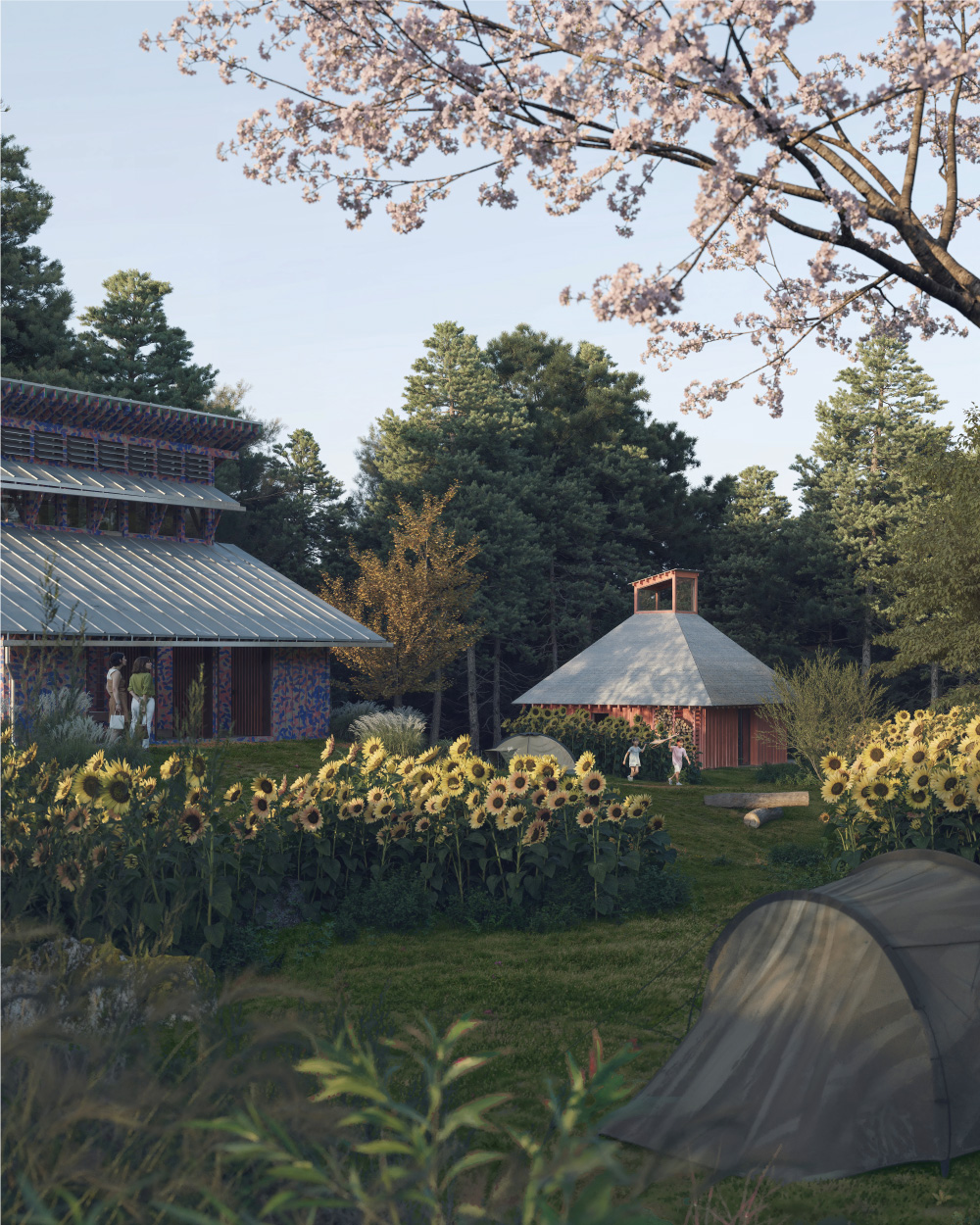 イギリスの建築家コレクティヴ、アセンブル(Assemble)は新しいキャンプサイトを演出。水田の地形を活かし、農業や工芸、地域の自然文化を体験できる教育的アウトドア空間では、自然との関わり方を学ぶことができる。
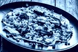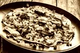 Vietnamese pizza - rice pepper omelet with mushrooms chicken meat and fresh vegetables served on black plate on wooden table
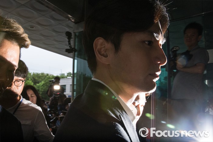 (서울=포커스뉴스) 성폭행 혐의로 피소된 배우 이진욱이 17일 오후 서울 강남구 수서경찰서로 출석하고 있다.
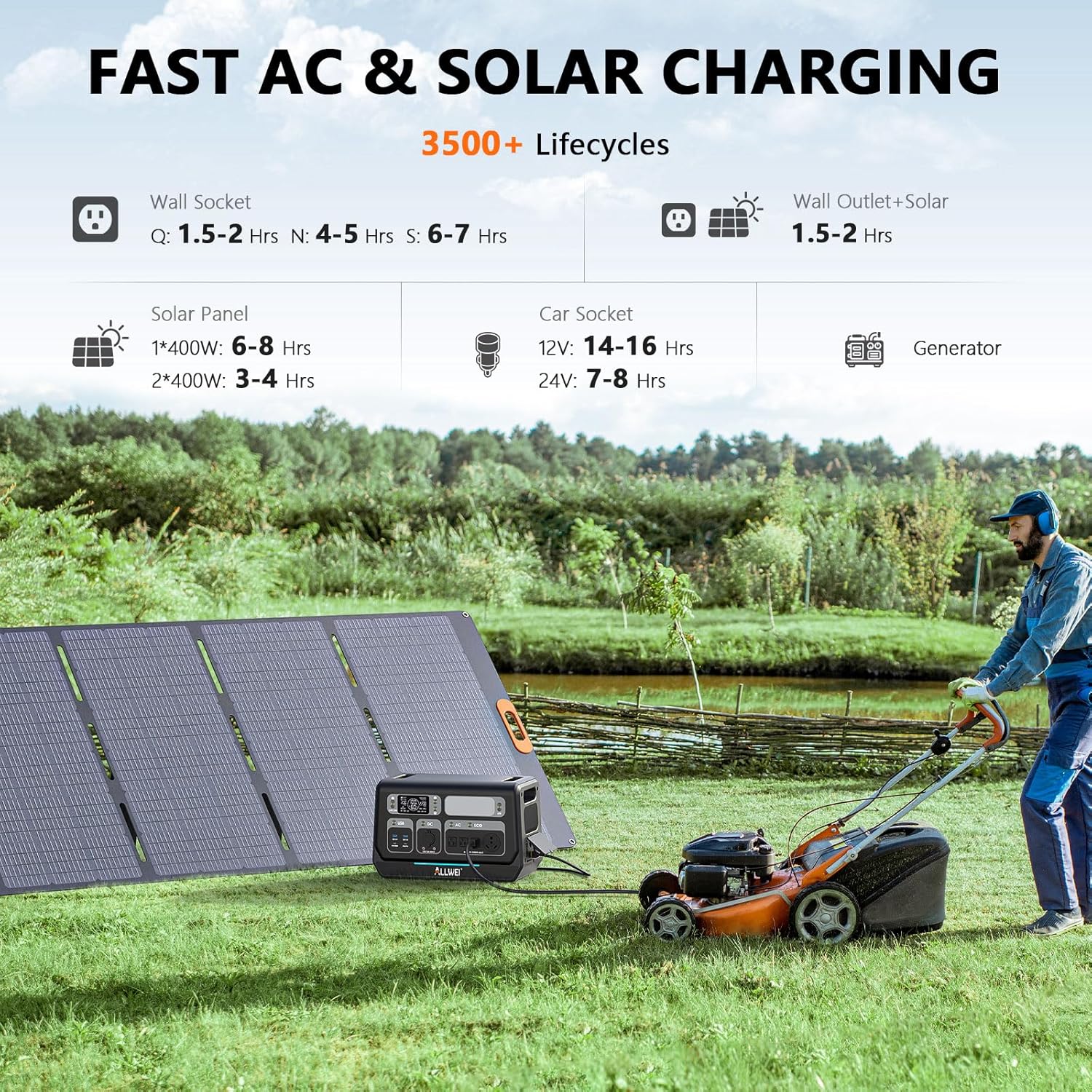 ALLWEI LiFePO4 Portable Power Station 2400W(Surge 4800W) with 1x 400W Solar Panel Included, Fast Charge in 1.5H, 4 AC Outlet, 2048Wh Solar Generator for RV Camping Emergency Outdoor Home Use
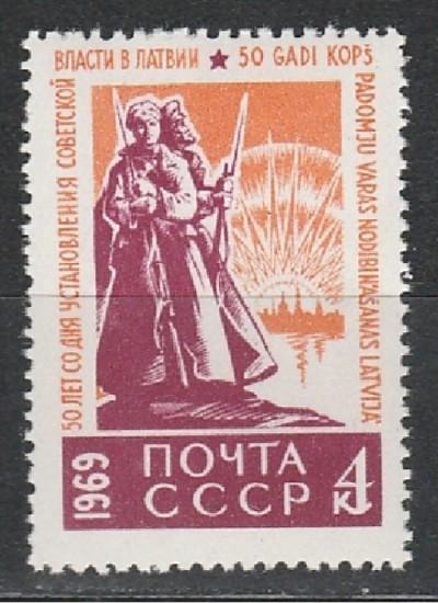 СССР 1969 г, 50 лет Советской Власти в Латвии, 1 марка
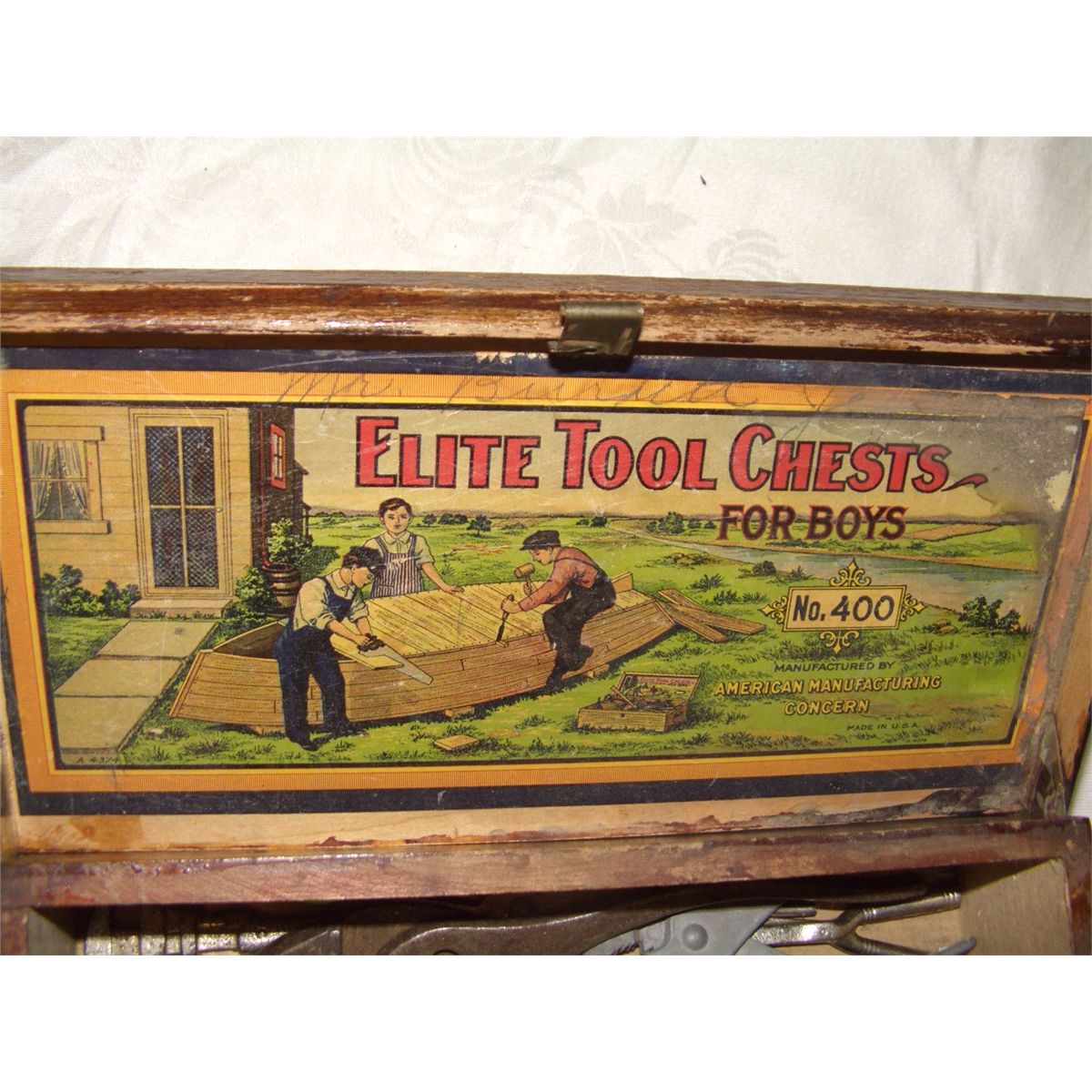 c1920's Elite tool chest for boys No 400 by American Mfg., with tools original to box?
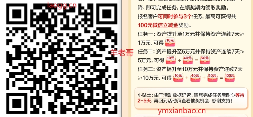 微xin识别,先报名,对应金额放7天分别10/50/100亓微xin立减金,提示没名额的问问客户经理 同时:建行2.28号转入对应资产一天,需要比2.14当天高就可以,对应5-200亓微xin立减金,最低档1w
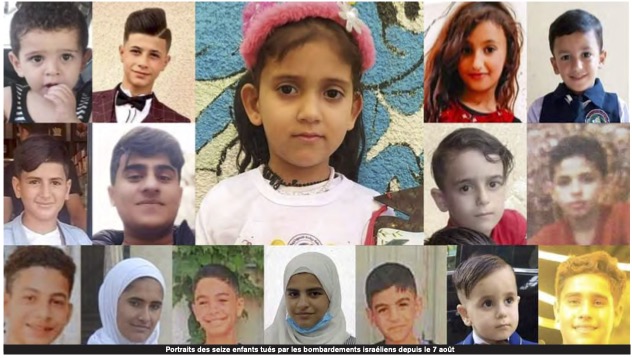 (Faces of the 16 children killed by the Israeli raids since August 7)
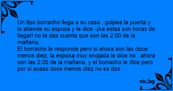 El borracho le responde pero si ahora son las doce menos diez, la esposa muy enojada le dice no , ahora son las 2:00 de la mañana, y el borracho le dice pero por si acaso doce menos diez no es dos
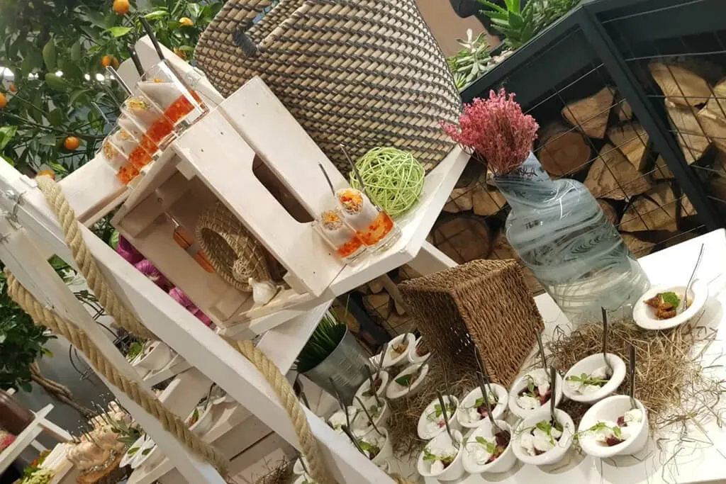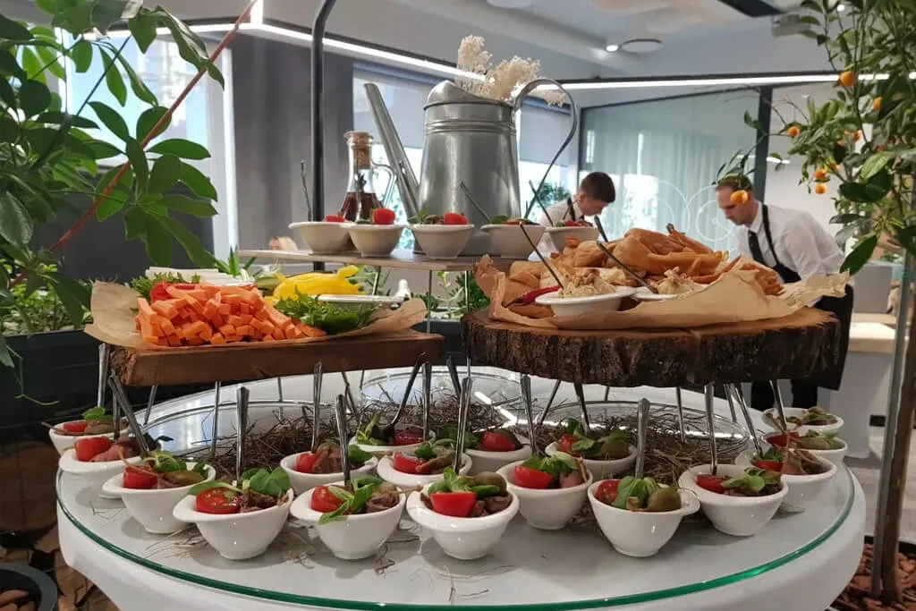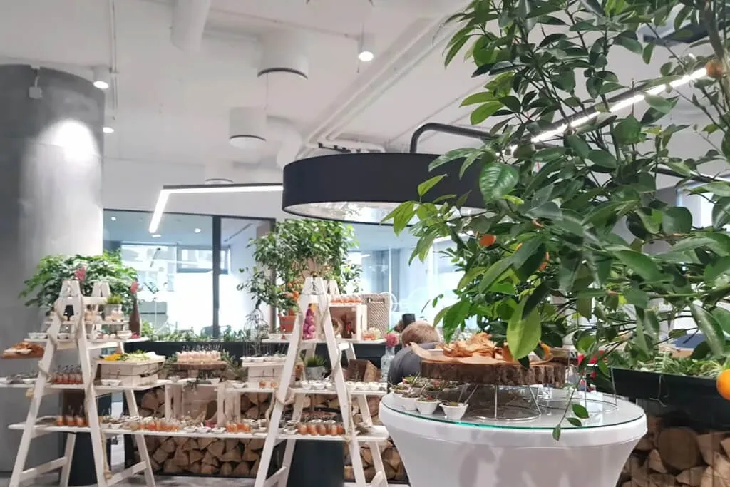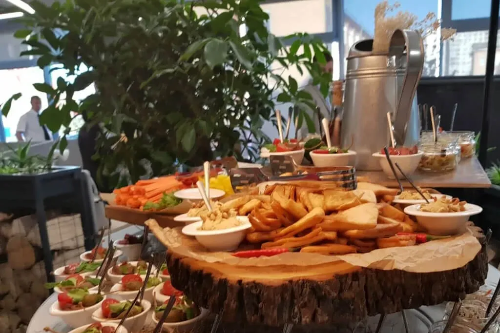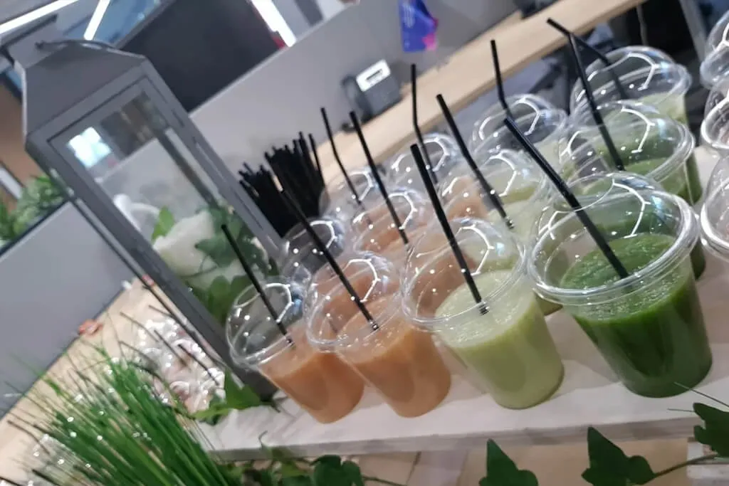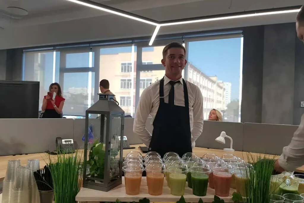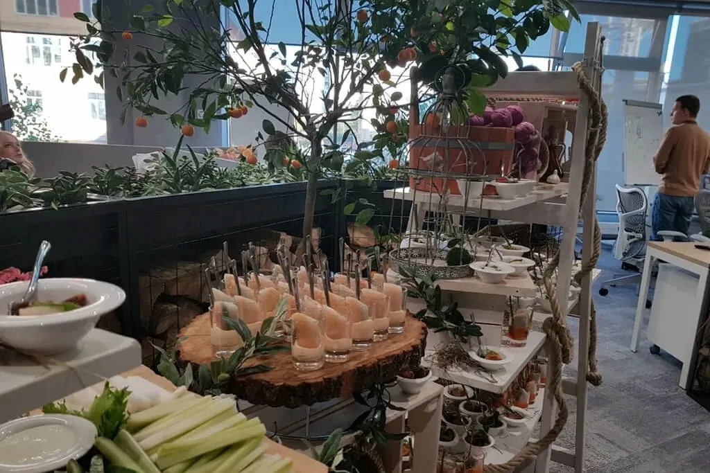 Организовать фуршет в эко стиле. Были подобраны закуски с натуральными ингредиентами, фреш и смузи бар.

————

**PROBLEM DESCRIPTION**
Without the pictures, give the entries above back exactly.

**REPLY TO THE EXERCISE**
 イギリスの建築家コレクティヴ、アセンブル(Assemble)は新しいキャンプサイトを演出。水田の地形を活かし、農業や工芸、地域の自然文化を体験できる教育的アウトドア空間では、自然との関わり方を学ぶことができる。
 Vietnamese pizza - rice pepper omelet with mushrooms chicken meat and fresh vegetables served on black plate on wooden table
 (서울=포커스뉴스) 성폭행 혐의로 피소된 배우 이진욱이 17일 오후 서울 강남구 수서경찰서로 출석하고 있다.
 ALLWEI LiFePO4 Portable Power Station 2400W(Surge 4800W) with 1x 400W Solar Panel Included, Fast Charge in 1.5H, 4 AC Outlet, 2048Wh Solar Generator for RV Camping Emergency Outdoor Home Use
 СССР 1969 г, 50 лет Советской Власти в Латвии, 1 марка
 c1920's Elite tool chest for boys No 400 by American Mfg., with tools original to box?
 微xin识别,先报名,对应金额放7天分别10/50/100亓微xin立减金,提示没名额的问问客户经理 同时:建行2.28号转入对应资产一天,需要比2.14当天高就可以,对应5-200亓微xin立减金,最低档1w
 (Faces of the 16 children killed by the Israeli raids since August 7)
 El borracho le responde pero si ahora son las doce menos diez, la esposa muy enojada le dice no , ahora son las 2:00 de la mañana, y el borracho le dice pero por si acaso doce menos diez no es dos
 Организовать фуршет в эко стиле. Были подобраны закуски с натуральными ингредиентами, фреш и смузи бар.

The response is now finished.